No functional changes, only variable and function names are modified.
Signed-off-by: Nathan Lynch <nathanl@austin.ibm.com>
---
arch/powerpc/mm/numa.c | 78 ++++++++++++++++++++++++------------------------
1 files changed, 39 insertions(+), 39 deletions(-)
9bdff379544896ca96bad4881fa614a19ddf9d21
diff --git a/arch/powerpc/mm/numa.c b/arch/powerpc/mm/numa.c
index 1c3df1d..e511ca1 100644
--- a/arch/powerpc/mm/numa.c
+++ b/arch/powerpc/mm/numa.c
@@ -191,9 +191,9 @@ static int *of_get_associativity(struct
return (unsigned int *)get_property(dev, "ibm,associativity", NULL);
}
-static int of_node_numa_domain(struct device_node *device)

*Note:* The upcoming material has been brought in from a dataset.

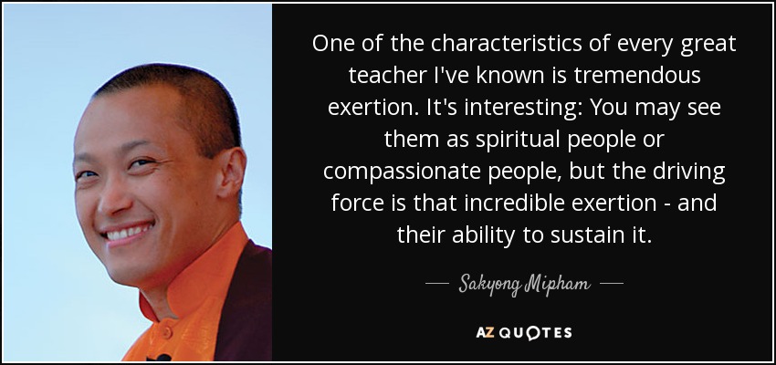 One of the characteristics of every great teacher I've known is tremendous exertion. It's interesting: You may see them as spiritual people or compassionate people, but the driving force is that incredible exertion - and their ability to sustain it.
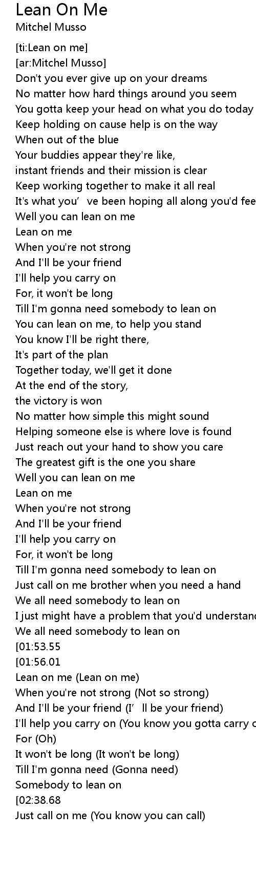 | [02:20.05] | Lean on me Lean on me |

+static int of_node_to_nid(struct device_node *device)
{
- int numa_domain;
+ int nid;
unsigned int *tmp;
if (min_common_depth == -1)
@@ -201,13 +201,13 @@ static int of_node_numa_domain(struct de
tmp = of_get_associativity(device);
if (tmp && (tmp[0] >= min_common_depth)) {
- numa_domain = tmp[min_common_depth];
+ nid = tmp[min_common_depth];
} else {
dbg("WARNING: no NUMA information for %s\n",
device->full_name);
- numa_domain = 0;
+ nid = 0;
}
- return numa_domain;
+ return nid;
}
/*
@@ -286,7 +286,7 @@ static unsigned long __devinit read_n_ce
*/
static int __cpuinit numa_setup_cpu(unsigned long lcpu)
{
- int numa_domain = 0;
+ int nid = 0;
struct device_node *cpu = find_cpu_node(lcpu);
if (!cpu) {
@@ -294,27 +294,27 @@ static int __cpuinit numa_setup_cpu(unsi
goto out;
}
- numa_domain = of_node_numa_domain(cpu);
+ nid = of_node_to_nid(cpu);
- if (numa_domain >= num_online_nodes()) {
+ if (nid >= num_online_nodes()) {
/*
* POWER4 LPAR uses 0xffff as invalid node,
* dont warn in this case.
*/
- if (numa_domain != 0xffff)
+ if (nid != 0xffff)
printk(KERN_ERR "WARNING: cpu %ld "
"maps to invalid NUMA node %d\n",
- lcpu, numa_domain);
- numa_domain = 0;
+ lcpu, nid);
+ nid = 0;
}
out:
- node_set_online(numa_domain);
+ node_set_online(nid);
- map_cpu_to_node(lcpu, numa_domain);
+ map_cpu_to_node(lcpu, nid);
of_node_put(cpu);
- return numa_domain;
+ return nid;
}
static int cpu_numa_callback(struct notifier_block *nfb,
@@ -399,17 +399,17 @@ static int __init parse_numa_properties(
* with larger node ids. In that case we force the cpu into node 0.
*/
for_each_cpu(i) {
- int numa_domain;
+ int nid;
cpu = find_cpu_node(i);
if (cpu) {
- numa_domain = of_node_numa_domain(cpu);
+ nid = of_node_to_nid(cpu);
of_node_put(cpu);
- if (numa_domain < MAX_NUMNODES &&
- max_domain < numa_domain)
- max_domain = numa_domain;
+ if (nid < MAX_NUMNODES &&
+ max_domain < nid)
+ max_domain = nid;
}
}
@@ -418,7 +418,7 @@ static int __init parse_numa_properties(
while ((memory = of_find_node_by_type(memory, "memory")) != NULL) {
unsigned long start;
unsigned long size;
- int numa_domain;
+ int nid;
int ranges;
unsigned int *memcell_buf;
unsigned int len;
@@ -439,18 +439,18 @@ new_range:
start = read_n_cells(n_mem_addr_cells, &memcell_buf);
size = read_n_cells(n_mem_size_cells, &memcell_buf);
- numa_domain = of_node_numa_domain(memory);
+ nid = of_node_to_nid(memory);
- if (numa_domain >= MAX_NUMNODES) {
- if (numa_domain != 0xffff)
+ if (nid >= MAX_NUMNODES) {
+ if (nid != 0xffff)
printk(KERN_ERR "WARNING: memory at %lx maps "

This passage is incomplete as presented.